• **Task goal**:
From the data below, set down exactly the lines between the one holding "Voilà! Deine perfekten, nicht" and the one holding "Opcjonalny wyświetlacz Head-Up", inclusive, and no others.

Segment Start: Provided entries

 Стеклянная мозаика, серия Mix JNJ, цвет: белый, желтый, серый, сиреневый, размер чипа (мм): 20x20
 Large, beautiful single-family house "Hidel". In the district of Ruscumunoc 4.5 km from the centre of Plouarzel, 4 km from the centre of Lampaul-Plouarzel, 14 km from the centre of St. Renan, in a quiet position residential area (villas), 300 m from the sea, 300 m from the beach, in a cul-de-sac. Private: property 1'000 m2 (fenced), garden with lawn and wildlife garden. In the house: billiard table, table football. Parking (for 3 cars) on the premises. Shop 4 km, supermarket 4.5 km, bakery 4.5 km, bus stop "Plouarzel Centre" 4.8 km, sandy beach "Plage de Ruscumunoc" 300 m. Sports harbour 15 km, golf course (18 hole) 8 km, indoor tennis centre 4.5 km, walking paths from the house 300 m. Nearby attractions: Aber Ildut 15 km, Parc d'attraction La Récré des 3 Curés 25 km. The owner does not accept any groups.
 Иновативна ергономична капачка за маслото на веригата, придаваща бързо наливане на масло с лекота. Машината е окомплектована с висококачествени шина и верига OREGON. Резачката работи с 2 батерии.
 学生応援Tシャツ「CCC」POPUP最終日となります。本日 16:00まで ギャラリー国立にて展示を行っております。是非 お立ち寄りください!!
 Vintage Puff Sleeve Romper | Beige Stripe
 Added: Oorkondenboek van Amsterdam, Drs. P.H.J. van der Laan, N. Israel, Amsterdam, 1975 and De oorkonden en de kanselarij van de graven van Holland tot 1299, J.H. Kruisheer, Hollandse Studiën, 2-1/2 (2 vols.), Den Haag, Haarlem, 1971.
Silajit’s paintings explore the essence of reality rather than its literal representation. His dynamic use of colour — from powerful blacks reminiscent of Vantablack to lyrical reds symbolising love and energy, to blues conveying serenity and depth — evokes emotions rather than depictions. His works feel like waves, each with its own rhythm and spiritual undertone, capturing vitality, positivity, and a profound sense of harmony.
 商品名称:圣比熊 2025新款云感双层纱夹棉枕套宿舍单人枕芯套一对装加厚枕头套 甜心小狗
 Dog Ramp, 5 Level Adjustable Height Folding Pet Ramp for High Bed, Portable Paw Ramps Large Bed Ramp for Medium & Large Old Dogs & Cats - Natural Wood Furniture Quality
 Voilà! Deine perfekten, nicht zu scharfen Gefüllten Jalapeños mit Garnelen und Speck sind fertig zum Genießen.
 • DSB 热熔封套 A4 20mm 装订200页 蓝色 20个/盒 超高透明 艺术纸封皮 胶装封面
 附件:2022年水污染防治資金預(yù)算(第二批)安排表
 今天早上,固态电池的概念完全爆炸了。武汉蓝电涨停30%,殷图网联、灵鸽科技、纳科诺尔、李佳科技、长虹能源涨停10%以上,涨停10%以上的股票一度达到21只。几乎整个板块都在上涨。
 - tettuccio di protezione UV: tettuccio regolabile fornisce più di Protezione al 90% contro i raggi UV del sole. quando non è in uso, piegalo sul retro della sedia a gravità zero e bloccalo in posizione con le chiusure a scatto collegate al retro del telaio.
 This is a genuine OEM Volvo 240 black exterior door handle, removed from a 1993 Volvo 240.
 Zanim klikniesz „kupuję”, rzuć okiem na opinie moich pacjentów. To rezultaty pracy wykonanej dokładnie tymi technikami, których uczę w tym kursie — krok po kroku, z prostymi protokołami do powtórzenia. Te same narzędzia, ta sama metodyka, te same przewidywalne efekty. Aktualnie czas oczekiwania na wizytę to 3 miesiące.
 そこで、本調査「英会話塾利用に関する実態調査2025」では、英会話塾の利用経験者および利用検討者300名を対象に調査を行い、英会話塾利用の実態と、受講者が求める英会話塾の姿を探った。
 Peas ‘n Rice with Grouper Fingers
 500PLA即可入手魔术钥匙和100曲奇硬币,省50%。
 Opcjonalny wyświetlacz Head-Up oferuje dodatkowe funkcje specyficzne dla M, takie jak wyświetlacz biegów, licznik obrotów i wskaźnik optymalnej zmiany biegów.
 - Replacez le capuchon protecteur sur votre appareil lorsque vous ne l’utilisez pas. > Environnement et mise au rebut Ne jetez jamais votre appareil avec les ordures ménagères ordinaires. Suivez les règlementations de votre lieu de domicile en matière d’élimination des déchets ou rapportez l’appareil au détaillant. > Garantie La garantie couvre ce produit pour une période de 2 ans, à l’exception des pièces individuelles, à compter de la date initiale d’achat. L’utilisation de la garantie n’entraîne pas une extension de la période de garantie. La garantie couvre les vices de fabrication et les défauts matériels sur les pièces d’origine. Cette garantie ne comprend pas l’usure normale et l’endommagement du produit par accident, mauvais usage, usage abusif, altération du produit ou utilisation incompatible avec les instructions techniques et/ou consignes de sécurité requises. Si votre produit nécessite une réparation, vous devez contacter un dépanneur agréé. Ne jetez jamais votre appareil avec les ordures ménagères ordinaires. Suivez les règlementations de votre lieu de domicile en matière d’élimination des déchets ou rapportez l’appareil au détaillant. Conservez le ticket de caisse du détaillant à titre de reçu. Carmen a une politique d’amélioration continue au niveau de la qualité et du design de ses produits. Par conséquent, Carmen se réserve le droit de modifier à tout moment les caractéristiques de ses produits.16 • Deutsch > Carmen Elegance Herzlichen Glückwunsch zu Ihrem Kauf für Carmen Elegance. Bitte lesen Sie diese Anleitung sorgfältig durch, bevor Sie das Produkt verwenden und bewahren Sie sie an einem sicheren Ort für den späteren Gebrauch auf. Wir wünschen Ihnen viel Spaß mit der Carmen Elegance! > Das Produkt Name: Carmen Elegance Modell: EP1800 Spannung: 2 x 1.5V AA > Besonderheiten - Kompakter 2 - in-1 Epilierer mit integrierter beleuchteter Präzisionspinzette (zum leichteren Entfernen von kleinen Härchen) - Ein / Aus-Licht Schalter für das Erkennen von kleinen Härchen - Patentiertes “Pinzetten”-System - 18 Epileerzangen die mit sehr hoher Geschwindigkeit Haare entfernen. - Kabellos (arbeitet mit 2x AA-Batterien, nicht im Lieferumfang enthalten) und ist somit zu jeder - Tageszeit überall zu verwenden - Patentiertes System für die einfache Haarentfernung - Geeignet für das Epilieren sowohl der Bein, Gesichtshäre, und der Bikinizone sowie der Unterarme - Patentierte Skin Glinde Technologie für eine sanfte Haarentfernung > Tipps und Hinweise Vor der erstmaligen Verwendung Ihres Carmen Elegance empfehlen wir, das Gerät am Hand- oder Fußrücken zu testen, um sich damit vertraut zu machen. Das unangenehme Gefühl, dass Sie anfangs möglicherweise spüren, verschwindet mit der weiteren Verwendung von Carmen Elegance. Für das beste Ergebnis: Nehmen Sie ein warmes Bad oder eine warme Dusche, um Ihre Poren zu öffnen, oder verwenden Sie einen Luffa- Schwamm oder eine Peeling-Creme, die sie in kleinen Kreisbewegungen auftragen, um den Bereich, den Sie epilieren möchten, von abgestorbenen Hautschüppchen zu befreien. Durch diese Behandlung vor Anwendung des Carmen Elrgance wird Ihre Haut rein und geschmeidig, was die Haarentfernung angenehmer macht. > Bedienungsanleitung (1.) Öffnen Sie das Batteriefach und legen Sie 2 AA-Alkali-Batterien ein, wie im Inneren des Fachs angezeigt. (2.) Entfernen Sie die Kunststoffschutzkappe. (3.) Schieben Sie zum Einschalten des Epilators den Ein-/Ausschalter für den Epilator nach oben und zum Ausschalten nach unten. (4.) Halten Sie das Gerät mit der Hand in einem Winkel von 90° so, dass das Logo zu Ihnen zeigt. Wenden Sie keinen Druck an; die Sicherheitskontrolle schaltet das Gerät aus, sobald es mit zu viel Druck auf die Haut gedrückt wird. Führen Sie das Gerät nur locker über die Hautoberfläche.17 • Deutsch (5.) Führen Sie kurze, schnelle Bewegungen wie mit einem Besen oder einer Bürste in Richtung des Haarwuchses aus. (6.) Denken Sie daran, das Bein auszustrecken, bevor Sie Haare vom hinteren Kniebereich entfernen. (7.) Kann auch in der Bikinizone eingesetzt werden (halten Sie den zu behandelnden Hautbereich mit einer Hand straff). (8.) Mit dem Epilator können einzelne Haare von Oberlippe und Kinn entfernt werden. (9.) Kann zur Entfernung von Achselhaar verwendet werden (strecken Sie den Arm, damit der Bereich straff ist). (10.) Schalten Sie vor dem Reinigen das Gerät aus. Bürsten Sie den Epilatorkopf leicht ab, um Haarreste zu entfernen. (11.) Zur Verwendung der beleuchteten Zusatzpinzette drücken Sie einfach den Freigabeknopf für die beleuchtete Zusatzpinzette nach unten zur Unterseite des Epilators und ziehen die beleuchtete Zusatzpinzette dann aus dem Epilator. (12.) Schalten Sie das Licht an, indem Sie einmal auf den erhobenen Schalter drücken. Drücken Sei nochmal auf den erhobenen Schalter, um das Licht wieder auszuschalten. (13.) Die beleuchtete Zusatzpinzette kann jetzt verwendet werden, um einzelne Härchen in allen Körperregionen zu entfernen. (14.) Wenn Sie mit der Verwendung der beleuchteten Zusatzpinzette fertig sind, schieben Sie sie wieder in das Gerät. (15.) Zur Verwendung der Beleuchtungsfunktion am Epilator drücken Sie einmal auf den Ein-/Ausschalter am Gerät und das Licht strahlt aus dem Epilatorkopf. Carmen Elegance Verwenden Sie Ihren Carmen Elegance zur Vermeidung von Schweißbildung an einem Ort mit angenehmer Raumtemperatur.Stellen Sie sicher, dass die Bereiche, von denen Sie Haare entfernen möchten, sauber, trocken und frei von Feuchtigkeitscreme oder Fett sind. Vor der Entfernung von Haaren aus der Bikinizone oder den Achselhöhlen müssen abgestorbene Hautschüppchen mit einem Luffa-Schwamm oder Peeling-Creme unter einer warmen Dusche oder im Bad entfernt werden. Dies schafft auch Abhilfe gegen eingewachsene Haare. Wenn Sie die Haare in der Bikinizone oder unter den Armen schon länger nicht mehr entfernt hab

Segment End: Provided entries

• **Exercise answer**:
 Voilà! Deine perfekten, nicht zu scharfen Gefüllten Jalapeños mit Garnelen und Speck sind fertig zum Genießen.
 • DSB 热熔封套 A4 20mm 装订200页 蓝色 20个/盒 超高透明 艺术纸封皮 胶装封面
 附件:2022年水污染防治資金預(yù)算(第二批)安排表
 今天早上,固态电池的概念完全爆炸了。武汉蓝电涨停30%,殷图网联、灵鸽科技、纳科诺尔、李佳科技、长虹能源涨停10%以上,涨停10%以上的股票一度达到21只。几乎整个板块都在上涨。
 - tettuccio di protezione UV: tettuccio regolabile fornisce più di Protezione al 90% contro i raggi UV del sole. quando non è in uso, piegalo sul retro della sedia a gravità zero e bloccalo in posizione con le chiusure a scatto collegate al retro del telaio.
 This is a genuine OEM Volvo 240 black exterior door handle, removed from a 1993 Volvo 240.
 Zanim klikniesz „kupuję”, rzuć okiem na opinie moich pacjentów. To rezultaty pracy wykonanej dokładnie tymi technikami, których uczę w tym kursie — krok po kroku, z prostymi protokołami do powtórzenia. Te same narzędzia, ta sama metodyka, te same przewidywalne efekty. Aktualnie czas oczekiwania na wizytę to 3 miesiące.
 そこで、本調査「英会話塾利用に関する実態調査2025」では、英会話塾の利用経験者および利用検討者300名を対象に調査を行い、英会話塾利用の実態と、受講者が求める英会話塾の姿を探った。
 Peas ‘n Rice with Grouper Fingers
 500PLA即可入手魔术钥匙和100曲奇硬币,省50%。
 Opcjonalny wyświetlacz Head-Up oferuje dodatkowe funkcje specyficzne dla M, takie jak wyświetlacz biegów, licznik obrotów i wskaźnik optymalnej zmiany biegów.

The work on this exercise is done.